▶ _TASK INPUT_

== Segment start ==

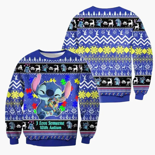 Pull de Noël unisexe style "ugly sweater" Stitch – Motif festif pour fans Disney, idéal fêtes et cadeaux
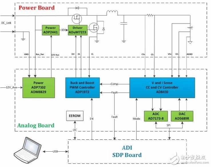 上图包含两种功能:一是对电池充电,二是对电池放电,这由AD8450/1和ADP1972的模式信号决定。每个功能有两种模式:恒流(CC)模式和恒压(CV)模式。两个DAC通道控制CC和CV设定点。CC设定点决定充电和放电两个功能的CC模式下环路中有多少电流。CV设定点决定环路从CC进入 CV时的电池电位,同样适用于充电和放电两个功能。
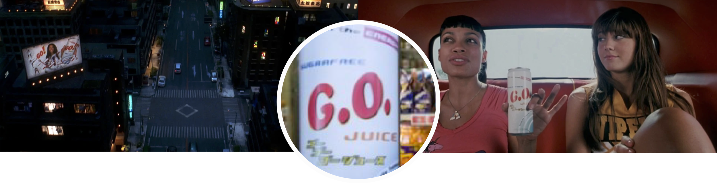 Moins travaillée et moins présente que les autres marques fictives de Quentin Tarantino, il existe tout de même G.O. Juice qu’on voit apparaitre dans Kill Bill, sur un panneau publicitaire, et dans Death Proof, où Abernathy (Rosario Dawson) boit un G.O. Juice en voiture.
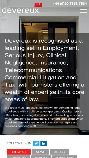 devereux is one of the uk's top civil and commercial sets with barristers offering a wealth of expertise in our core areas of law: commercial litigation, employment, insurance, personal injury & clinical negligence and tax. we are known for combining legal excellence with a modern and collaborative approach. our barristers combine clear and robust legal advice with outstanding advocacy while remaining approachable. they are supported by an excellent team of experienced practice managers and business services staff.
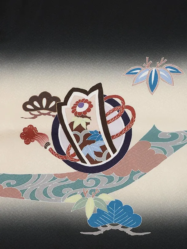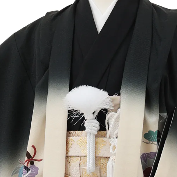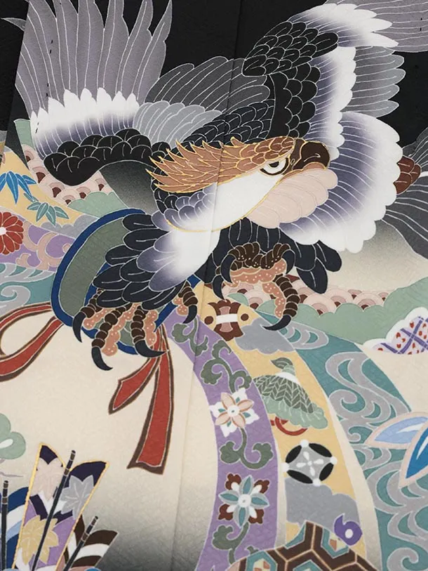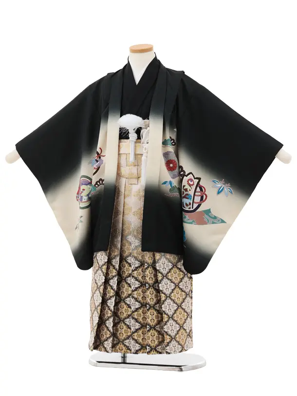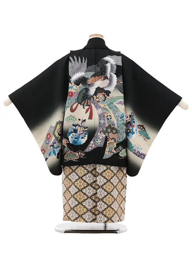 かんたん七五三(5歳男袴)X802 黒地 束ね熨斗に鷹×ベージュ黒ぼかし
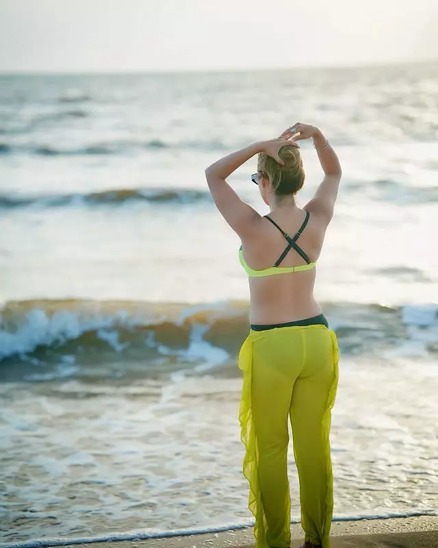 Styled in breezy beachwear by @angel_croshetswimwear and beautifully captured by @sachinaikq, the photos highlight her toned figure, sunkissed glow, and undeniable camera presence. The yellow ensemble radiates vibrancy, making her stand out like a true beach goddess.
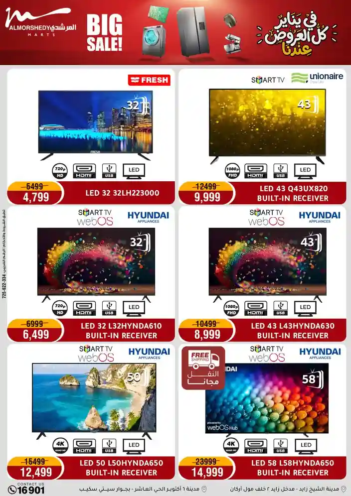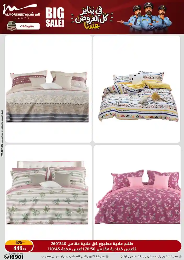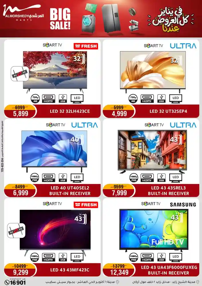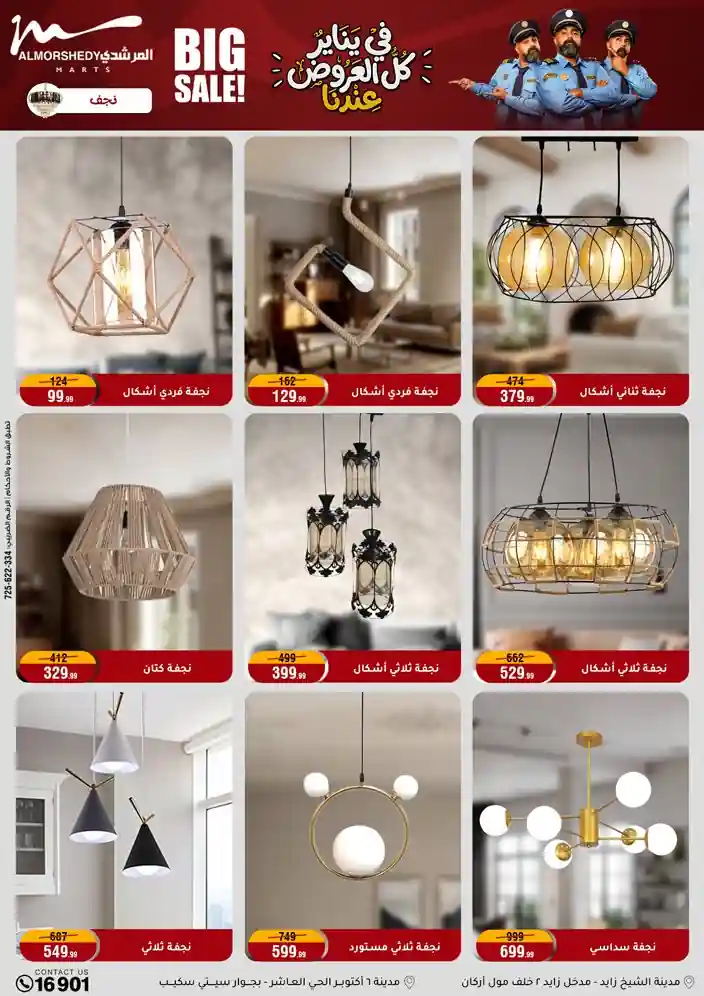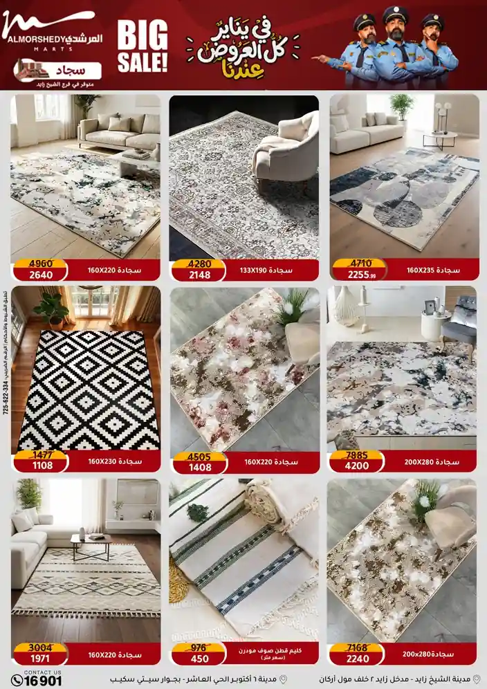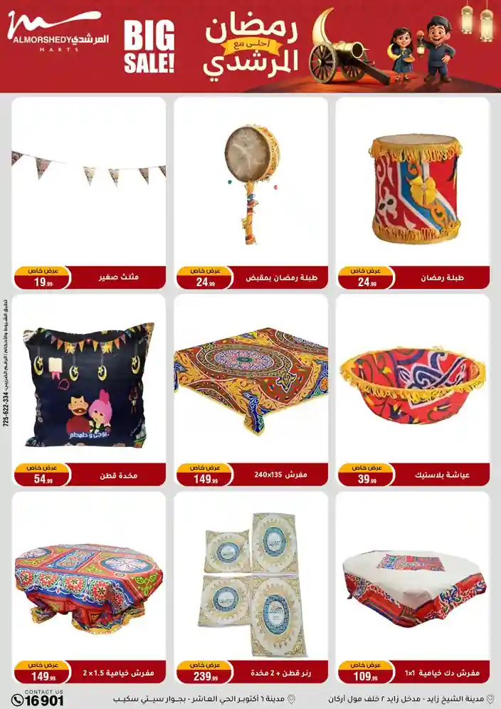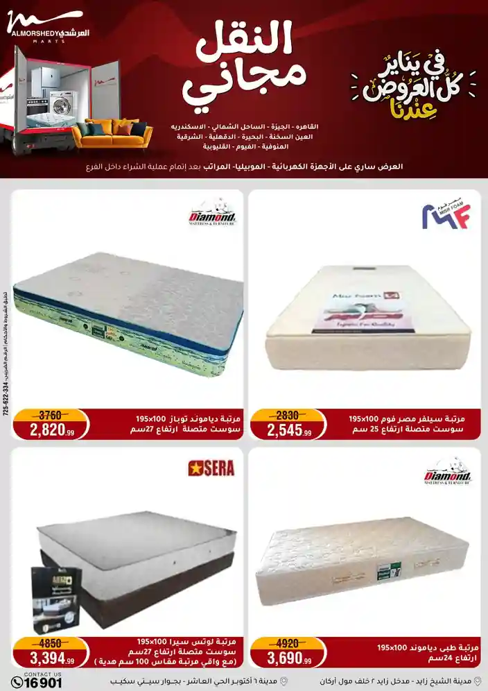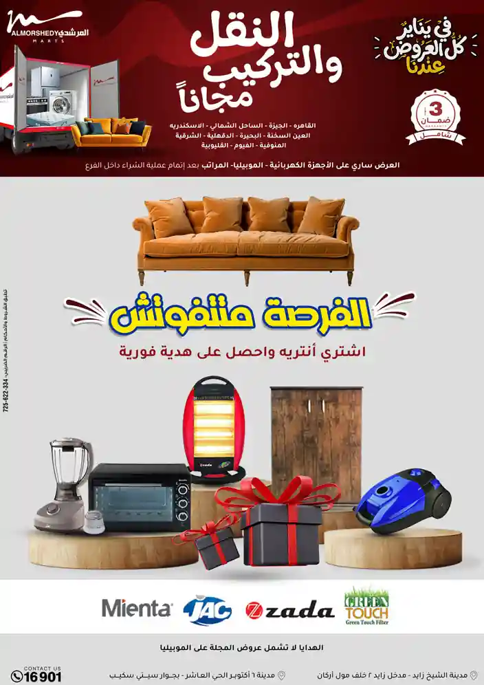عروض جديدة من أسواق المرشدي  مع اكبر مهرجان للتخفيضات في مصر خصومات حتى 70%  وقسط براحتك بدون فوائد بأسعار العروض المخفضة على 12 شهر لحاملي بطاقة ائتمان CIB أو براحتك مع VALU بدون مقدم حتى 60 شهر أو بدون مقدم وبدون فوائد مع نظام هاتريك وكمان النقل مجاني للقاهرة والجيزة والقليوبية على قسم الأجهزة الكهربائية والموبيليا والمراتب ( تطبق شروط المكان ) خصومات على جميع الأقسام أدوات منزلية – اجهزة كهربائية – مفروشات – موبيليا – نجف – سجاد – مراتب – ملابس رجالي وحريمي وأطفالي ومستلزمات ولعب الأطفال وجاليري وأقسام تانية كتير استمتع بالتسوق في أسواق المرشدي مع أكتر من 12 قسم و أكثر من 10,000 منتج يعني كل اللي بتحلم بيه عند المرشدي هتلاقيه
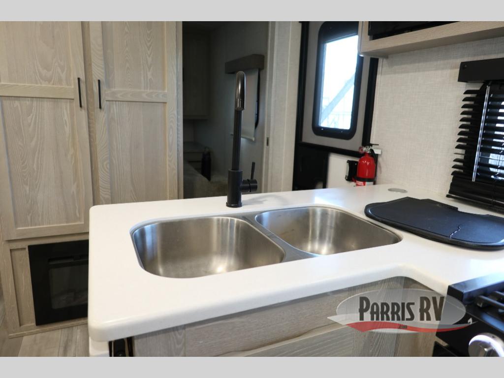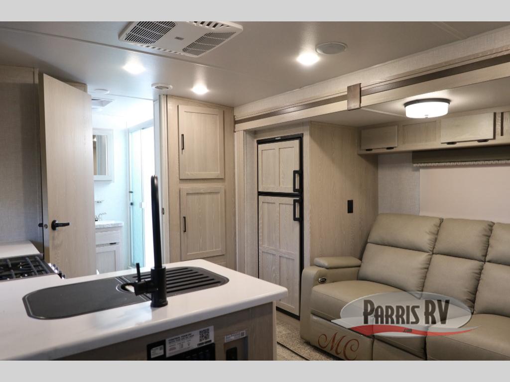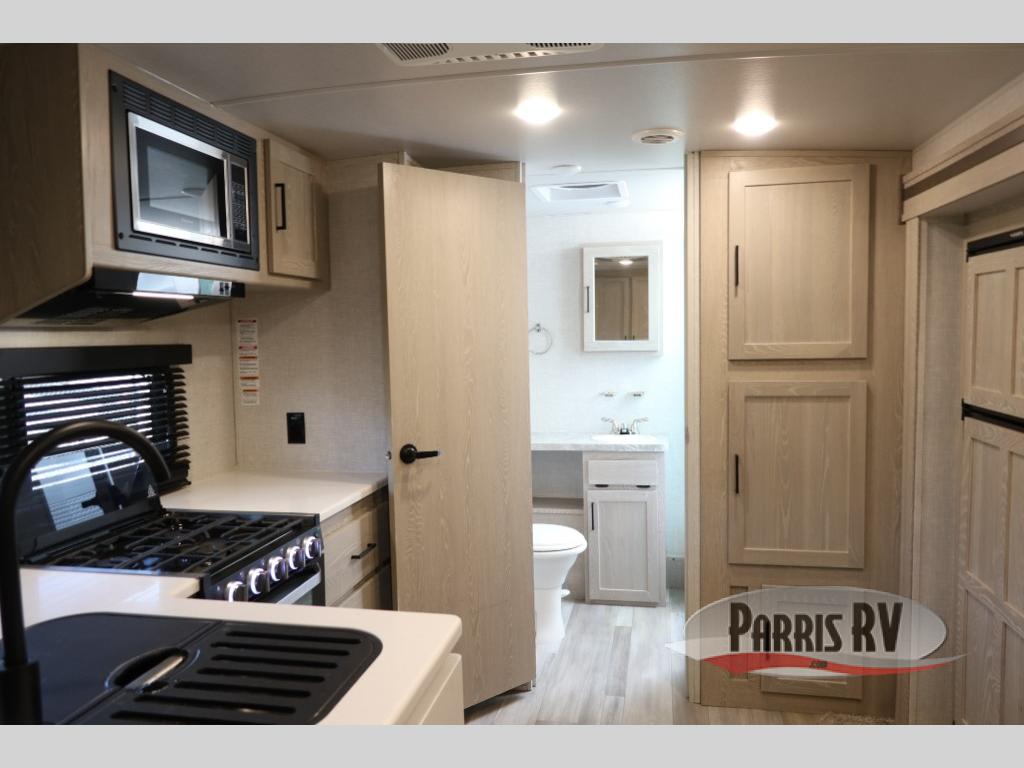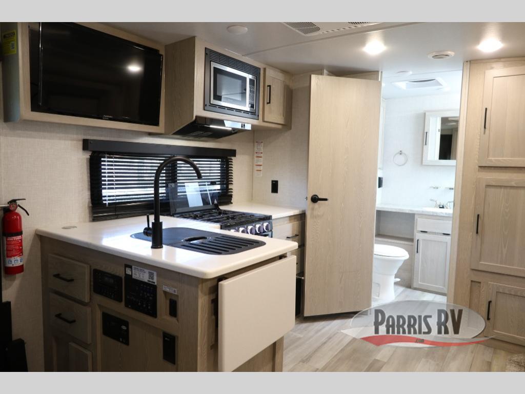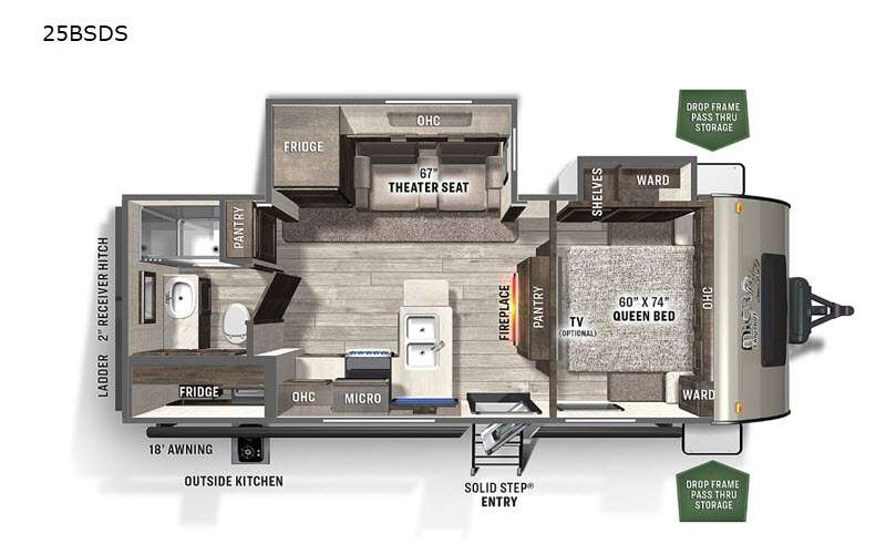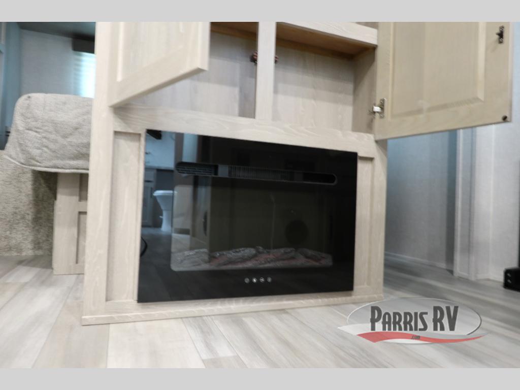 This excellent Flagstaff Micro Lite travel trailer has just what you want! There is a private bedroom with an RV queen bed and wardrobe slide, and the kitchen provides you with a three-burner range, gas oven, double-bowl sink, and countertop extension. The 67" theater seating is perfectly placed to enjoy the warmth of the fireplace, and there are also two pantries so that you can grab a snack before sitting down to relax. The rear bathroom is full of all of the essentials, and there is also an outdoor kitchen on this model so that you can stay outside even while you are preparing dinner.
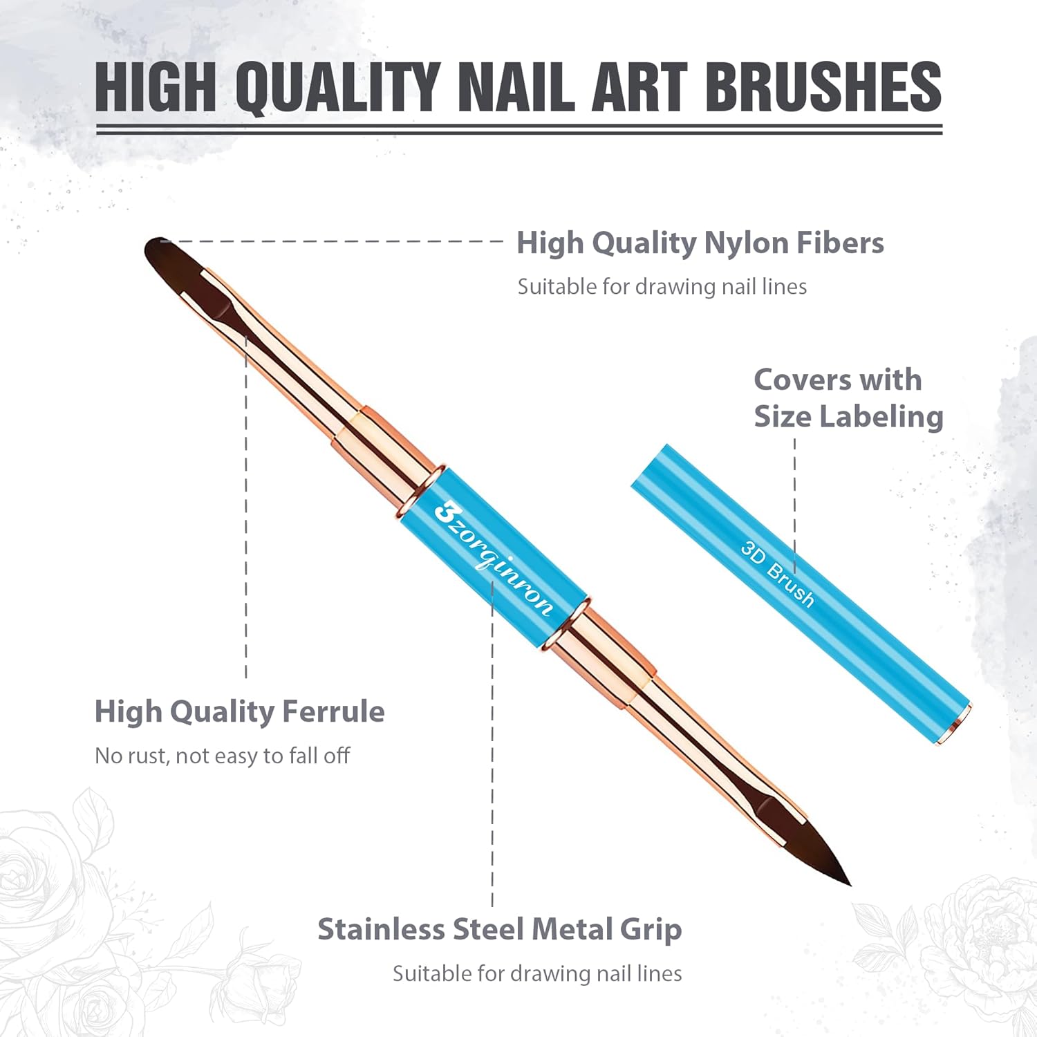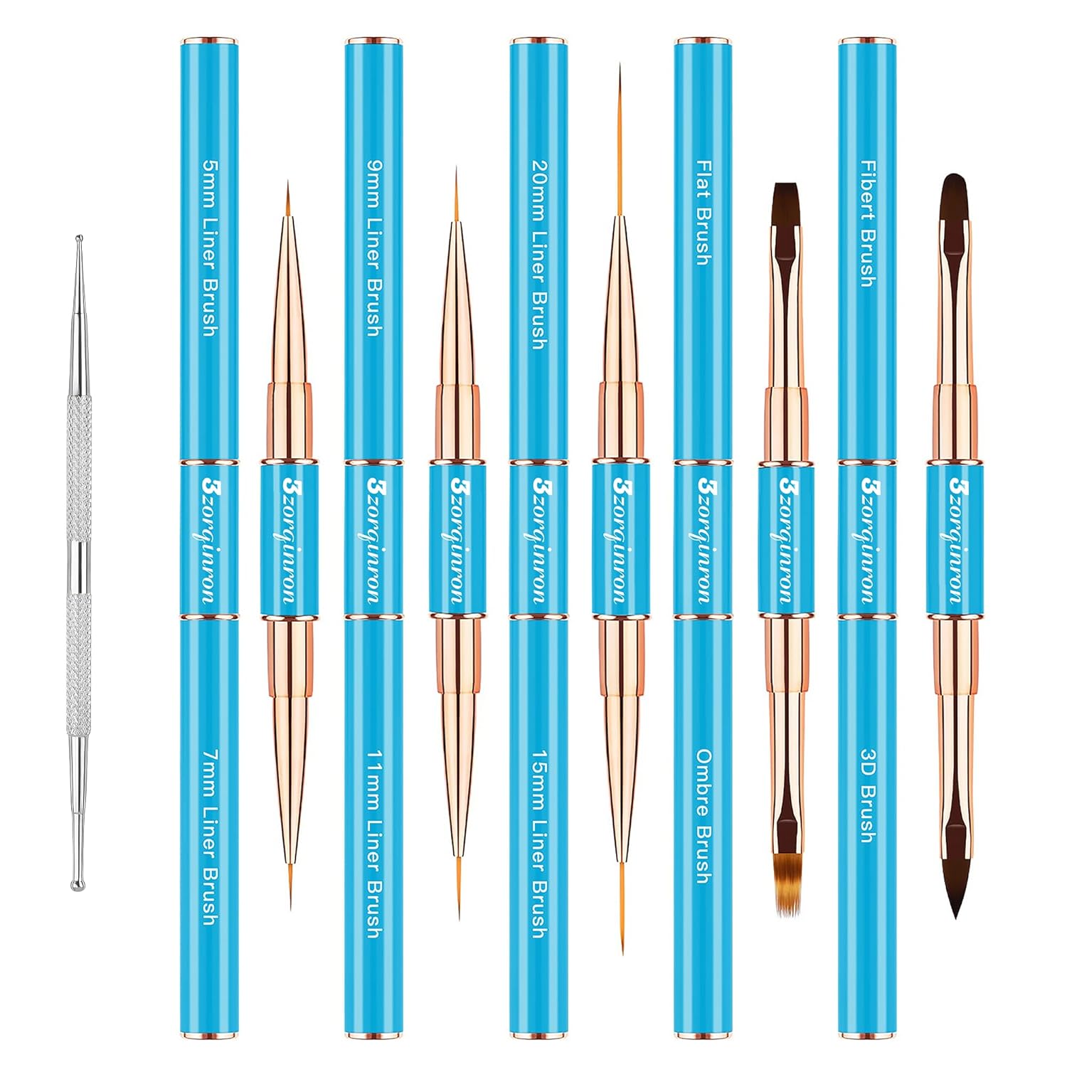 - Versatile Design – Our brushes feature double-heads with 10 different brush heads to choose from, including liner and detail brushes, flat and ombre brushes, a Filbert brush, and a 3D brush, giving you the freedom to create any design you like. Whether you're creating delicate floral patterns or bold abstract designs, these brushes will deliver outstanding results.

== Segment end ==

▶ _DESCRIPTION OF THE TASK_
Everything from the first line of the entries through the line containing "かんたん七五三(5歳男袴)X802 黒地 束ね熨斗に鷹×ベージュ黒ぼかし" is to be transcribed exactly; the pictures are not.

▶ _SOLUTION FOR THIS TASK_
 Pull de Noël unisexe style "ugly sweater" Stitch – Motif festif pour fans Disney, idéal fêtes et cadeaux
 上图包含两种功能:一是对电池充电,二是对电池放电,这由AD8450/1和ADP1972的模式信号决定。每个功能有两种模式:恒流(CC)模式和恒压(CV)模式。两个DAC通道控制CC和CV设定点。CC设定点决定充电和放电两个功能的CC模式下环路中有多少电流。CV设定点决定环路从CC进入 CV时的电池电位,同样适用于充电和放电两个功能。
 Moins travaillée et moins présente que les autres marques fictives de Quentin Tarantino, il existe tout de même G.O. Juice qu’on voit apparaitre dans Kill Bill, sur un panneau publicitaire, et dans Death Proof, où Abernathy (Rosario Dawson) boit un G.O. Juice en voiture.
 devereux is one of the uk's top civil and commercial sets with barristers offering a wealth of expertise in our core areas of law: commercial litigation, employment, insurance, personal injury & clinical negligence and tax. we are known for combining legal excellence with a modern and collaborative approach. our barristers combine clear and robust legal advice with outstanding advocacy while remaining approachable. they are supported by an excellent team of experienced practice managers and business services staff.
 かんたん七五三(5歳男袴)X802 黒地 束ね熨斗に鷹×ベージュ黒ぼかし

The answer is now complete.